В конец устыженный, Кукольник с понурой головой поплелся к своему месту.
— А где же мое мороженое? — спросил он.
Перед ним стояла пустая хрустальная тарелочка; но следы сливок на ее дне и на чайной ложке свидетельствовали, что мороженое было тут, да съедено.
— Вот что значит витать в поднебесьи! — сказал Гоголь, с наслаждением гастронома прихлебывая ложечкой с собственной тарелочки полурастаявшее мороженое. — Сам же ведь давеча скушал.
— Кто? Я?
— Смотрите-ка, господа, он уже забыл!
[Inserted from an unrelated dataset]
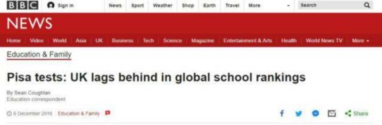 BBC报道《英国在PISA考试的全球排名中落后》。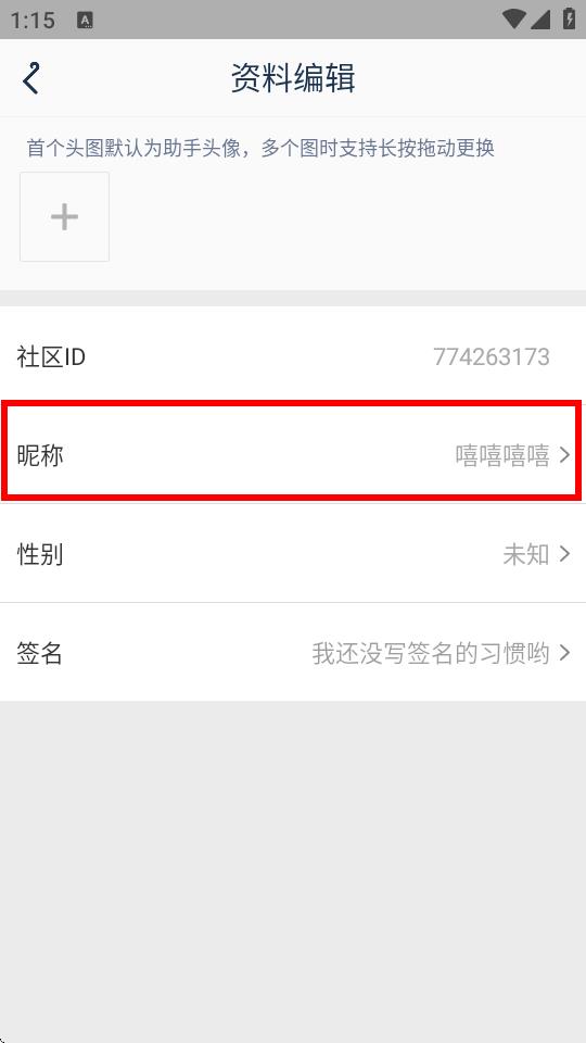 3、進(jìn)入資料編輯頁(yè)面后,點(diǎn)擊昵稱選項(xiàng)。

Эх ты, Возвышенный!
— Конечно, сам скушал! — подтвердил Мишенька Орлай, и остальная «мелюзга» с веселым смехом дружно его поддержала: — Конечно, сам!
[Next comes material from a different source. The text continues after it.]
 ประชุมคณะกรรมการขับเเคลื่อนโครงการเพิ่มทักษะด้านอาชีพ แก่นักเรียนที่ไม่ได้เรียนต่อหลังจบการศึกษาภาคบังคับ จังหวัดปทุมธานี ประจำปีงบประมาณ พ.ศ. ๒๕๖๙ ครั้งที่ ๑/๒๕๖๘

«Возвышенный» свирепо на них покосился и с гордо-обиженным видом молча присел за свою пустую тарелочку.
— Эк ведь надулся, как мышь на крупу, — сказал Гоголь и украдкой подал знак слуге, чтобы тот угостил опять мороженым обделенного.
Между тем у взрослых речь перешла на театральные представления воспитанников, и профессор Никольский сообщил тут хозяину, что у него, Никольского, в примете на сегодняшний день поставить некую трагедию северного Расина — Сумарокова: «Синава и Трувора» или «Дмитрия Самозванца», что и роли у него были уже намечены для старших пансионеров, да вот, к прискорбию, со стороны некоторых коллег встретилось непреоборимое противоборство.
— А жаль, — отозвался Орлай. — Подобное развлечение среди учебных занятий даже полезно, ибо освежает молодые головы. Кроме того, домашние спектакли делают молодых людей несомненно развязнее…
— Даже чересчур! — вмешался в разговор профессор Билевич. — Вон Гоголь-Яновский на прошлой масленице играл, помнится, Еремеевну в «Недоросле», да с тех пор и на уроках ведет себя Еремеевной.
Всем присутствующим, видно, припомнилась игра Гоголя-Еремеевны в комедии Фонвизина, потому что на губах взрослых появилась улыбка, а между гимназистами послышался смех. Сам же Гоголь, при всей хваленой развязности на сцене и в классе, сделавшись здесь предметом общего внимания, застенчиво потупился.
— Дайте им играть трагических героев, так они, может быть, и на деле станут вести себя героями, — шутливо заметил Ландражен.
— И вправду, Иван Семенович! — подхватил Кукольник, который успел уже ободриться и, как свой почти человек в доме директора, позволял себе иногда вмешиваться в беседу взрослых. — Разрешите нам опять играть на масленой! Заместо классных досок, мы соорудили бы уже настоящие кулисы и поставили бы настоящую классическую трагедию Озерова или Державина.